Roller coaster at Kings Dominion

Rapterra is a steel launched wing roller coaster at Kings Dominion in Doswell, Virginia.
 It is the world's tallest and longest-launched wing roller coaster.

==History==
===Removal of Volcano===

Volcano: The Blast Coaster was an inverted launched coaster that operated at the park from 1998 to early 2018, situated inside of the preceding Smurf Mountain structure.
In February 2019, Kings Dominion announced that Volcano had been decommissioned, citing issues with reliability, rider capacity, and overall customer satisfaction. By May of the same year, the entire attraction had been fully demolished.

The removal of Volcano left a sizable empty site in the park, sparking discussions for a replacement as early as 2019; it was then that Bolliger & Mabillard first drafted a wing coaster layout for the land. However, the park's closure during 2020 per the COVID-19 pandemic and retirement of The Crypt after the 2019 season contributed to Tumbili taking priority as a replacement for the latter.
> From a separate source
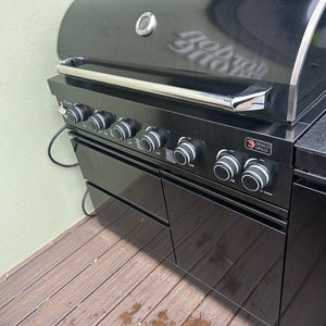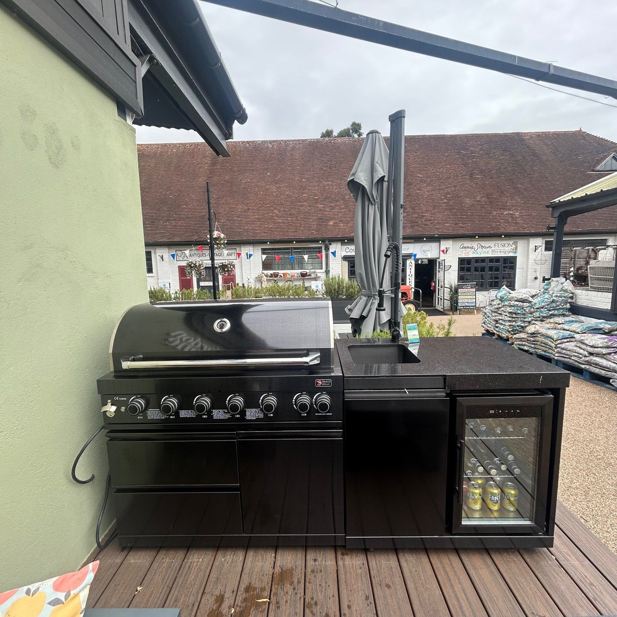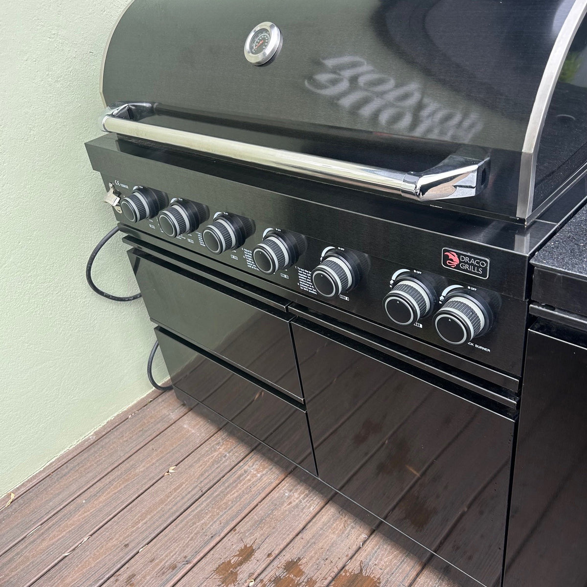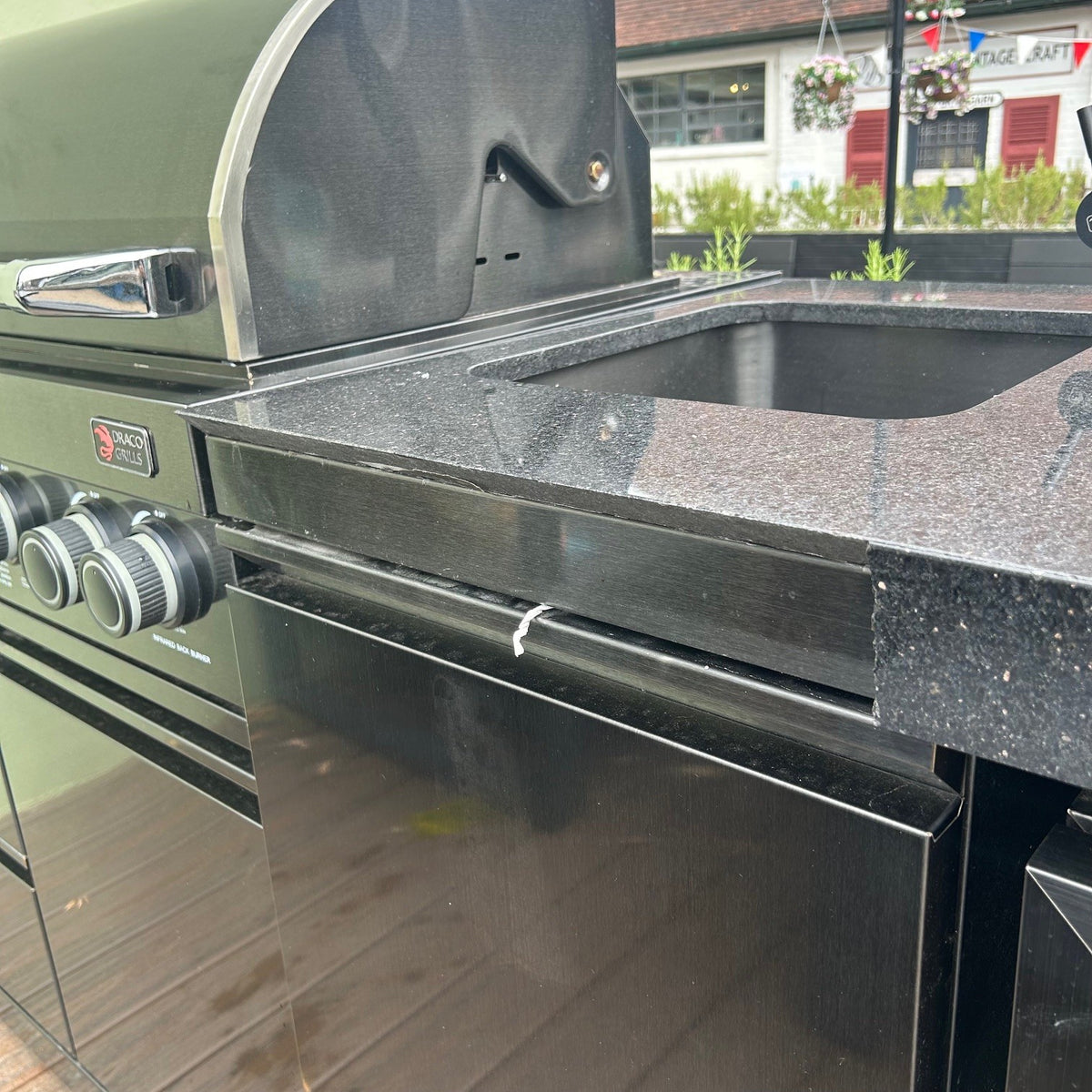 Ex Display Draco Grills Fusion 6 Burner Black Outdoor Kitchen with Double Fridge and Sink Unit

The coaster opened in March 2022, bringing with it the reimagining of Safari Village as Jungle X-Pedition and thematic foundation for future attractions.

===Preparation & Construction===
Plans were submitted to Hanover County, Virginia in December 2023 for the construction of Amendment 47, a new roller coaster project to be located where Volcano: The Blast Coaster previously stood. Construction had already commenced when the park opened for the season in March 2023, with groundwork in full swing and the first concrete foundations being poured.
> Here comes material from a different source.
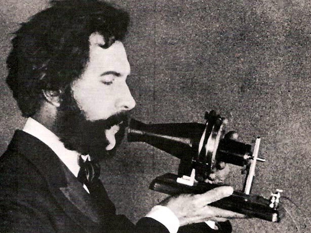 22. Actor portraying Alexander Graham Bell, an inventor telephone, speaks in an early model of the device for a 1926 promotional film American Telephone and Telegraph Company of the Year

Roller coaster steel – including track and supports – began arriving at the end of May, with the first piece of brake run being placed on June 18, 2024. The tallest point of the ride was topped off at 8:22am on July 28 and the final track piece set in place on September 6, eighty days after installation began.

===Announcement===
Kings Dominion began promoting their mystery attraction during construction, with various teasers and clues gradually appearing around its work fences. On July 31, 2024, Kings Dominion officially announced Rapterra for the 2025 season.

== Ride Experience ==
After leaving the station, a small right hand turn leads the train onto the launch track. The trains are then launched at a speed of 65 mph in 4 seconds, before transitioning into a 145 ft "wingover turn". Following is a 119 ft dive loop alongside the station. After a 90 ft S-turn over the launch track, the train turns back around going through a "wing slide" over the pathway. As it reaches the back of the layout, the train goes through a corkscrew and airtime hill. The ride finishes with a 360° "raptor roll" and right turn into the final brake run that leads back into the station.

==Characteristics==
Rapterra is the second launched Wing Coaster by Bolliger & Mabillard to open in the United States, following Thunderbird at Holiday World in Indiana. It is 145 ft tall, 3086 ft long, and reaches a top speed of 65 mi/h throughout the ride. The coaster runs two 20-passenger trains, arranging riders in 5 rows with a pair on each side.